Speaker: Tingjun Chen Columbia University
Time: 2018-08-31 10:30-2018-08-31 11:30
Venue: FIT 1-222

Abstract:

Wireless object tracking applications are gaining popularity within the realm of Internet-of-Things (IoT), and will soon utilize emerging ultra-low-power device-to-device communication. However, severe energy constraints (e.g., an ambient light source or an energy harvesting source) require much more careful accounting of energy usage than what prior art provides. In particular, the available energy, the differing power consumption levels for listening, receiving, and transmitting, as well as the limited control bandwidth must all be considered.
In this talk, I will first present the design, analysis, and evaluation of Panda – a neighbor discovery protocol tailored for energy harvesting nodes with extremely limited power budgets. Panda is centralized protocol designed for homogeneous nodes with equal power consumption levels. In order to understand the fundamental communication limits in a more general network setting, we formulate the problem of maximizing the throughput among a set of heterogeneous broadcasting nodes with differing power consumption levels, each subject to a strict ultra-low-power budget. We obtain the oracle throughput (i.e., maximum throughput achieved by an oracle) and use Lagrange methods to design EconCast – a simple asynchronous distributed protocol in which nodes transition between sleep, listen, and transmit states, and dynamically change the transition rates. EconCast can operate in groupput or anyput mode to respectively maximize two alternative throughput measures. We show that EconCast approaches the oracle throughput. The performance is also evaluated numerically and via extensive simulations and it is shown that EconCast outperforms prior art by 6x – 17x under realistic assumptions. Moreover, we evaluate EconCast’s latency performance and consider design tradeoffs when operating in groupput and anyput modes. Finally, we implement EconCast using the TI eZ430-RF2500-SEH energy harvesting nodes and experimentally show that in realistic environments it obtains 57% – 77% of the achievable throughput.

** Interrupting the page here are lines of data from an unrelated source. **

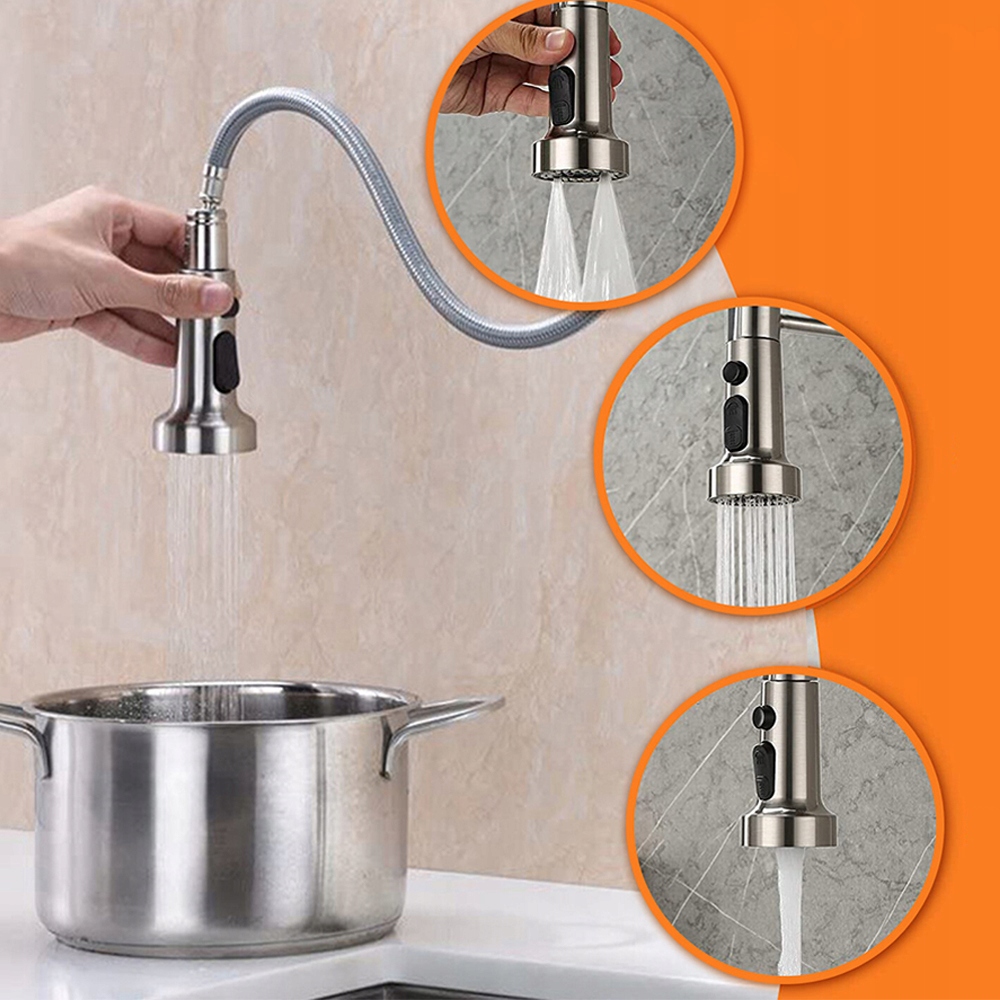 ✅ 3 режима смесителя: Наша душевая насадка для кухонного смесителя поддерживает режимы потока воды, высокого давления и струи. Режим струи высокого давления эффективно очищает стойкие пятна, а режим струи создает эффект «балета», превращая уборку в удовольствие.
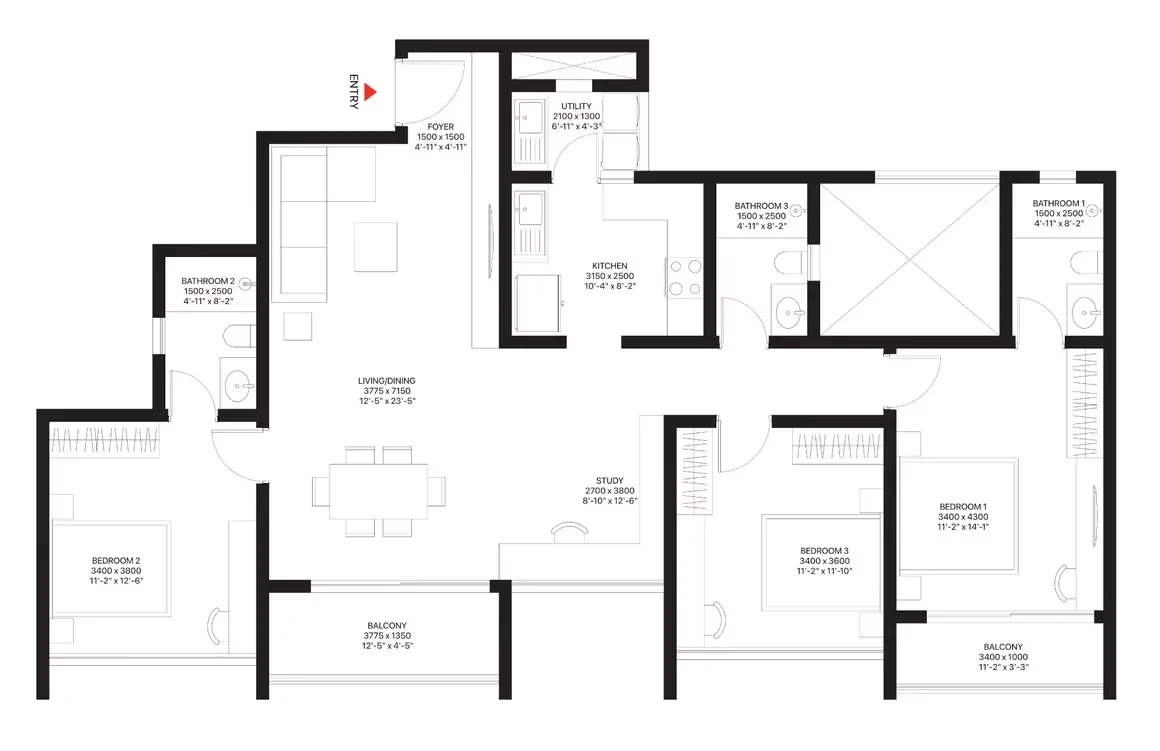 Floor-to-Floor Height: Standard ceiling heights to ensure spacious interiors
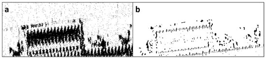 Figure 4 displays a 2CMV image after the first stage wherein it is clear that additional processing is needed to improve results because the ridges of the building in both images are slightly misregistered and they are shown as changes in both images. The primary improvement that is targeted with additional processing is reducing the number of false positives in the image. This goal can be accomplished with the use of the optical flow (OF) method described in Section 2.4. To manage computational complexity, the optical flow algorithm is performed on 256 × 256 pixel image blocks. Note that optical flow is calculated based on the original reference and mission images.
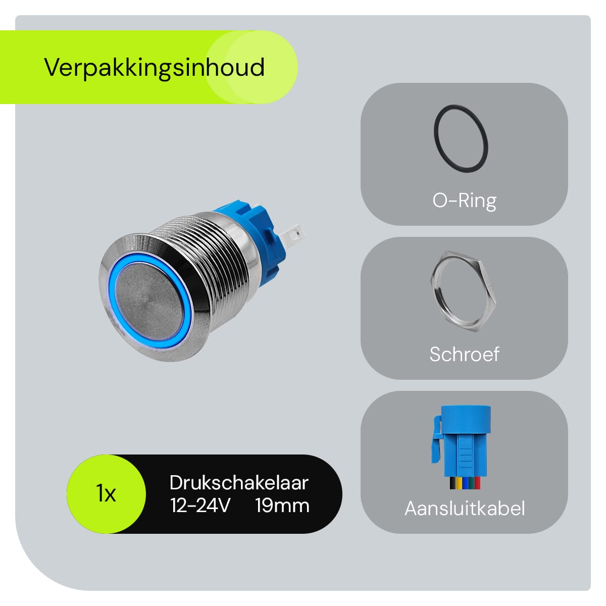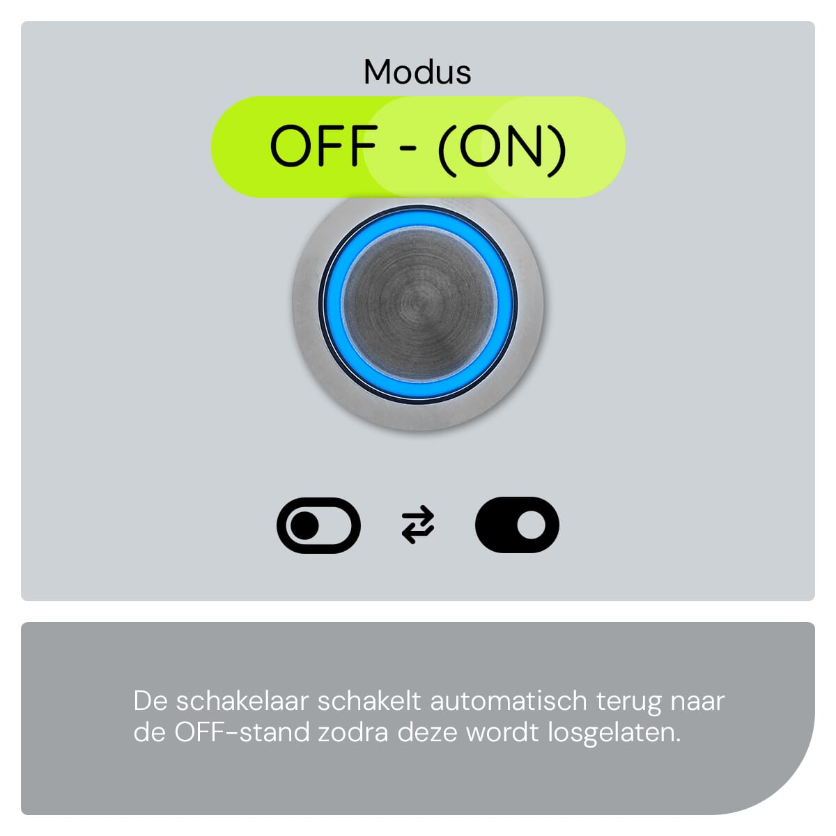 ProRide Metalen Pulsschakelaar 12V OFF-(ON) – 19mm – Momentschakelaar met Aansluitkabel – Spatwaterdicht – 12V/24V – LED Indicatie Blauw
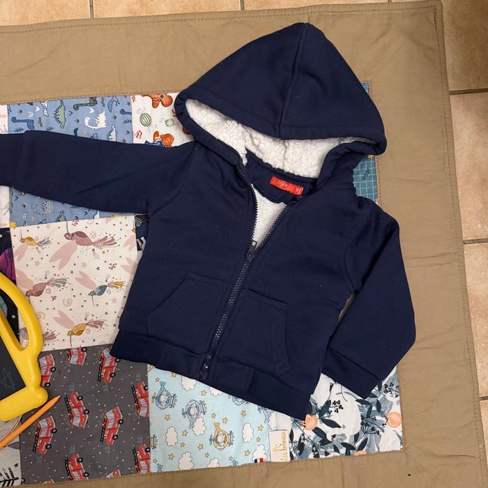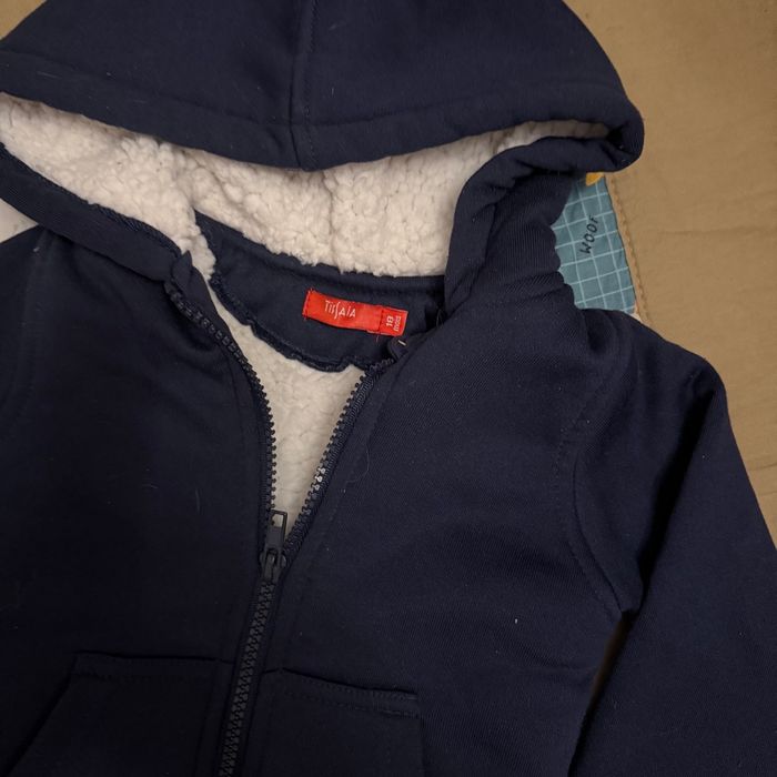 Veste polaire garçon, zippée à capuche Bleue marine Taille 18mois Marque Tissaia Très bon état #vetements18mois #vetementsgarcon #18moisgarcon #tresbonetat #tissaia #vestepolaire #vestegarcon
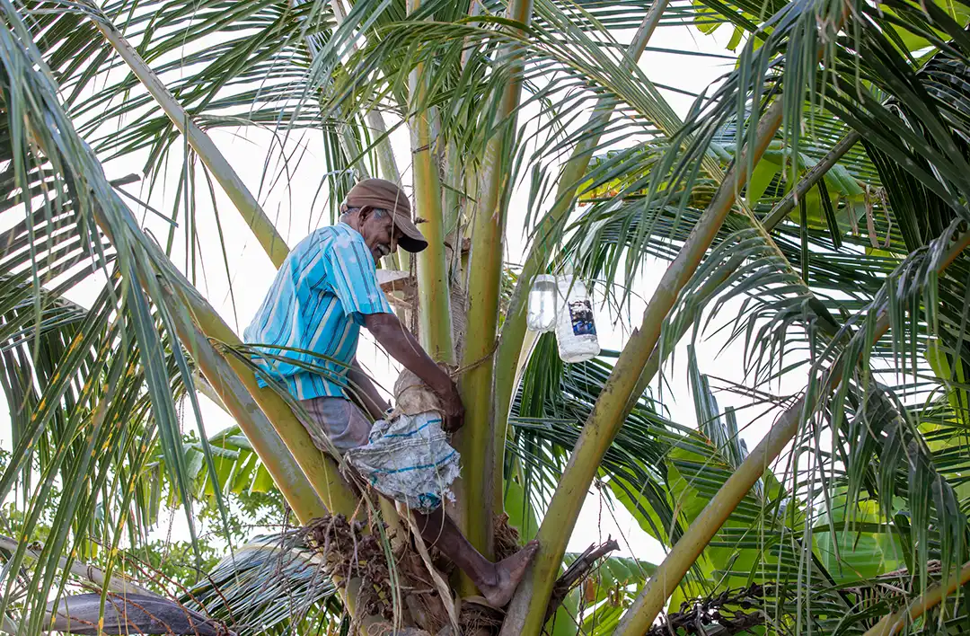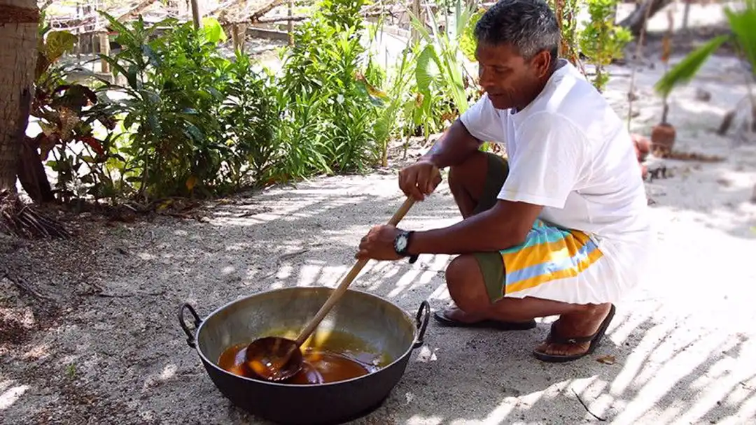 Ein weiteres Kapitel im Leben der Palme beginnt mit ihrer Blüte. Geschickte Raaveriyaa – die traditionellen „Toddy Tapper“, also erfahrene Palmensaft-Sammler – zapfen die Blütenknospen der Palme an, um den süßen Saft „Raa“ zu gewinnen: einen süßen, leicht fermentierenden Palmensaft, der frisch getrunken als Erfrischung dient oder eingekocht zu Dhiyaa Hakuru wird – einem karamellfarbenen Kokosblütenzucker mit intensivem Aroma. Gesammelt wird der wertvolle Saft in Raa Bandhi, kleinen Gefäßen – natürlich – aus Kokosnussschalen.

The results are based on joint work with Rob Margolies, Guy Grebla, Javad Ghaderi, Dan Rubenstein, and Gil Zussman.
 

Short Bio:

Tingjun Chen is currently a Ph.D. student in the Electrical Engineering Department at Columbia University. He received the M.S. degree in Electrical Engineering from Columbia University in 2015, and the B.Eng. degree in Electronic Engineering from Tsinghua University in 2014. His research interests are in PHY/MAC layer algorithms, optimization, and system design and implementation in Internet-of-Things, energy harvesting networks, full-duplex networks, and millimeter-wave and 5G networks. He received the Wei Family Private Foundation Fellowship, the Columbia University Electrical Engineering Armstrong Memorial Award, the Columbia Engineering Oscar and Verna Byron Fellowship, and the ACM CoNEXT 2016 Best Paper Award.